# Provided records:
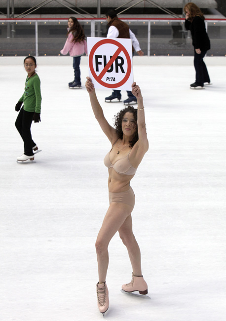 11月24日,美國花樣滑冰的傳奇人物、1979年世界花滑錦標賽冠軍得主芭比洛尼在紐約洛克菲勒廣場復出“裸滑”。這次表演是為了支持善待動物協(xié)會的反對皮草行動。
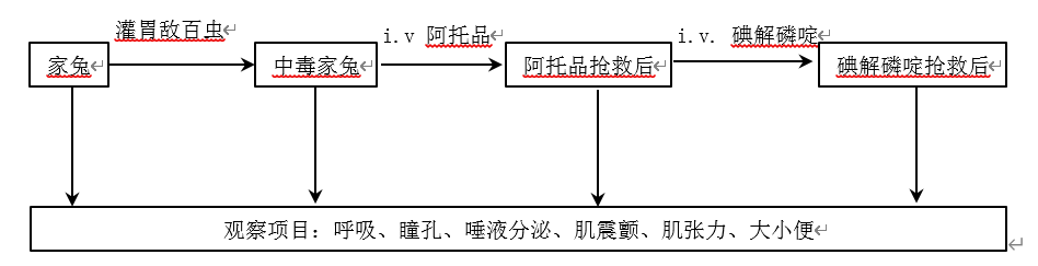 二、器材药品:家兔开口器一个、胃管一个、1ml、5ml、20ml注射器各一支、250ml烧杯1个、婴儿秤1台、瞳孔测量尺一把、滤纸、5%敌百虫、2.5%碘解磷定(PAM)、0.2%阿托品(Atropine)。
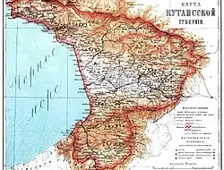 The Kutaisi or Kutais Governorate[a] was a province (guberniya) of the Caucasus Viceroyalty of the Russian Empire. It roughly corresponded to most of western Georgia throughout most of its existence, and most of the Artvin Province (except the Hopa and Yusufeli districts) of Turkey between 1878 and 1903. Created out of part of the former Georgia-Imeretia Governorate in 1846, the governorate also included Akhaltsikhe uezd before its cession to the Tiflis Governorate in 1867. The Kutaisi Governorate bordered the Sukhumi Okrug to the northwest, the Kuban Oblast to the north, the Terek Oblast to the northeast, the Tiflis Governorate to the southeast, the Batum Oblast to the southwest, and the Black Sea to the west. The governorate was eponymously named for its administrative center, Kutais (present-day Kutaisi).[1]
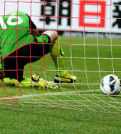 센다이 하야시 골키퍼, '다리 사이에 있던 볼이'
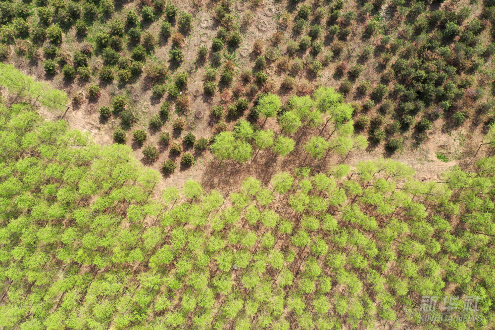 雄安新區“千年秀林”(無人機照片,2021年3月31日攝)。截至2022年3月,雄安新區森林覆蓋率已超過30%。根據規劃,雄安未來藍綠空間占比穩定在70%。
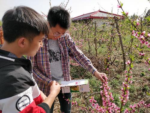 合作社负责人带领着队员进入果园,并且向他们分发了相关的知识手册。负责人说道:“果园管理相当不容易,需要大量的知识与经验的积累,稍一疏忽就有可能出现各种问题。希望大家在帮忙的同时也能学到不少的知识,今年等桃子熟了大家就过来吃。”队员们和负责人走在果园里,认真听着负责人讲解着果树、果苗的花期管理,看着满园盛开的桃花,想象着硕果累累的果园。负责人着重提到了在果树花期应该注重的倒春寒问题,可以通过延迟萌芽、喷盐水、树干涂白等方式抵御冻害,清明节的倒春寒确实对果园造成了一定的损失,但就是因为之前通过一定的防范措施才避免了更大的损失。一下午的时间稍纵即逝,到了返校时间,但同学们听得却意犹未尽,只能等下次活动继续学习了。
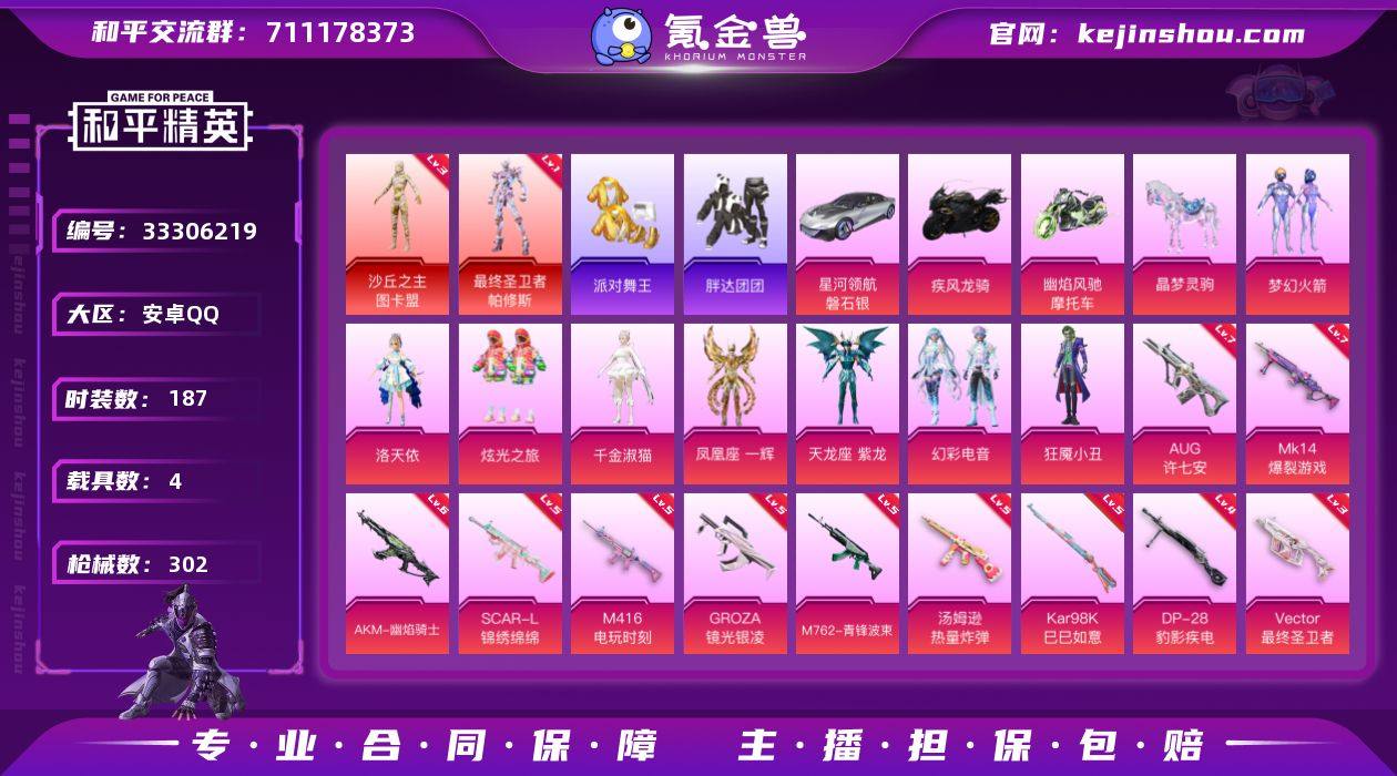 安卓【红装号 最终圣卫者-帕修斯(一级)/沙丘之主-图卡盟(三级)/粉装-梦幻火箭/套装-派对舞王/套装-暗影哥特/蓝螳螂/角色-洛天依/角色-千金淑猫/AKM-幽焰骑士(六级)/SCAR-L-锦绣绵绵(五级)/M416-电玩时刻(五级)/萌熊伴侣背包】 手Q-2神装-8粉装-19特效枪-4载具-11粉色飞行器-99622热力值-7王牌印记-187套装-302枪皮 【红色神装等级】:最终圣卫者-帕修斯(一级),沙丘之主-图卡盟(三级) 【红色角色神装】:最终圣卫者-帕修斯,沙丘之主-图卡盟 【热门品类】:粉装-梦幻火箭,套装-派对舞王,角色-军刀雅典娜,套装-胖达团团,套装-AG战队服,套装-龟仙人,套装-暗影哥特,套装-红红火火,角色-8号机,角色-Mark.06,M416-星际漫游 【粉色套装】:粉装-梦幻火箭,角色-洛天依,粉装-炫光之旅,角色-千金淑猫,角色-凤凰座 一辉,角色-天龙座 紫龙,粉装-幻彩电音,角色-狂魇小丑 【粉色枪皮等级】:AKM-幽焰骑士(六级),SCAR-L-锦绣绵绵(五级),M416-电玩时刻(五级),GROZA-镜光银凌(五级),AUG-许七安(七级),M762-青锋波束(五级),蜜獾-诸神·破晓(三级),Vector-最终圣卫者(三级),汤姆逊-热量炸弹(五级),AKS-74U-森灵之息(五级),P90-沙丘之主(三级),Kar98K-巳巳如意(五级)...

# What to work on:
When you print the records above, keep them exact and leave out the pictures.

# Answer to the exercise:
 11月24日,美國花樣滑冰的傳奇人物、1979年世界花滑錦標賽冠軍得主芭比洛尼在紐約洛克菲勒廣場復出“裸滑”。這次表演是為了支持善待動物協(xié)會的反對皮草行動。
 二、器材药品:家兔开口器一个、胃管一个、1ml、5ml、20ml注射器各一支、250ml烧杯1个、婴儿秤1台、瞳孔测量尺一把、滤纸、5%敌百虫、2.5%碘解磷定(PAM)、0.2%阿托品(Atropine)。
 The Kutaisi or Kutais Governorate[a] was a province (guberniya) of the Caucasus Viceroyalty of the Russian Empire. It roughly corresponded to most of western Georgia throughout most of its existence, and most of the Artvin Province (except the Hopa and Yusufeli districts) of Turkey between 1878 and 1903. Created out of part of the former Georgia-Imeretia Governorate in 1846, the governorate also included Akhaltsikhe uezd before its cession to the Tiflis Governorate in 1867. The Kutaisi Governorate bordered the Sukhumi Okrug to the northwest, the Kuban Oblast to the north, the Terek Oblast to the northeast, the Tiflis Governorate to the southeast, the Batum Oblast to the southwest, and the Black Sea to the west. The governorate was eponymously named for its administrative center, Kutais (present-day Kutaisi).[1]
 센다이 하야시 골키퍼, '다리 사이에 있던 볼이'
 雄安新區“千年秀林”(無人機照片,2021年3月31日攝)。截至2022年3月,雄安新區森林覆蓋率已超過30%。根據規劃,雄安未來藍綠空間占比穩定在70%。
 合作社负责人带领着队员进入果园,并且向他们分发了相关的知识手册。负责人说道:“果园管理相当不容易,需要大量的知识与经验的积累,稍一疏忽就有可能出现各种问题。希望大家在帮忙的同时也能学到不少的知识,今年等桃子熟了大家就过来吃。”队员们和负责人走在果园里,认真听着负责人讲解着果树、果苗的花期管理,看着满园盛开的桃花,想象着硕果累累的果园。负责人着重提到了在果树花期应该注重的倒春寒问题,可以通过延迟萌芽、喷盐水、树干涂白等方式抵御冻害,清明节的倒春寒确实对果园造成了一定的损失,但就是因为之前通过一定的防范措施才避免了更大的损失。一下午的时间稍纵即逝,到了返校时间,但同学们听得却意犹未尽,只能等下次活动继续学习了。
 安卓【红装号 最终圣卫者-帕修斯(一级)/沙丘之主-图卡盟(三级)/粉装-梦幻火箭/套装-派对舞王/套装-暗影哥特/蓝螳螂/角色-洛天依/角色-千金淑猫/AKM-幽焰骑士(六级)/SCAR-L-锦绣绵绵(五级)/M416-电玩时刻(五级)/萌熊伴侣背包】 手Q-2神装-8粉装-19特效枪-4载具-11粉色飞行器-99622热力值-7王牌印记-187套装-302枪皮 【红色神装等级】:最终圣卫者-帕修斯(一级),沙丘之主-图卡盟(三级) 【红色角色神装】:最终圣卫者-帕修斯,沙丘之主-图卡盟 【热门品类】:粉装-梦幻火箭,套装-派对舞王,角色-军刀雅典娜,套装-胖达团团,套装-AG战队服,套装-龟仙人,套装-暗影哥特,套装-红红火火,角色-8号机,角色-Mark.06,M416-星际漫游 【粉色套装】:粉装-梦幻火箭,角色-洛天依,粉装-炫光之旅,角色-千金淑猫,角色-凤凰座 一辉,角色-天龙座 紫龙,粉装-幻彩电音,角色-狂魇小丑 【粉色枪皮等级】:AKM-幽焰骑士(六级),SCAR-L-锦绣绵绵(五级),M416-电玩时刻(五级),GROZA-镜光银凌(五级),AUG-许七安(七级),M762-青锋波束(五级),蜜獾-诸神·破晓(三级),Vector-最终圣卫者(三级),汤姆逊-热量炸弹(五级),AKS-74U-森灵之息(五级),P90-沙丘之主(三级),Kar98K-巳巳如意(五级)...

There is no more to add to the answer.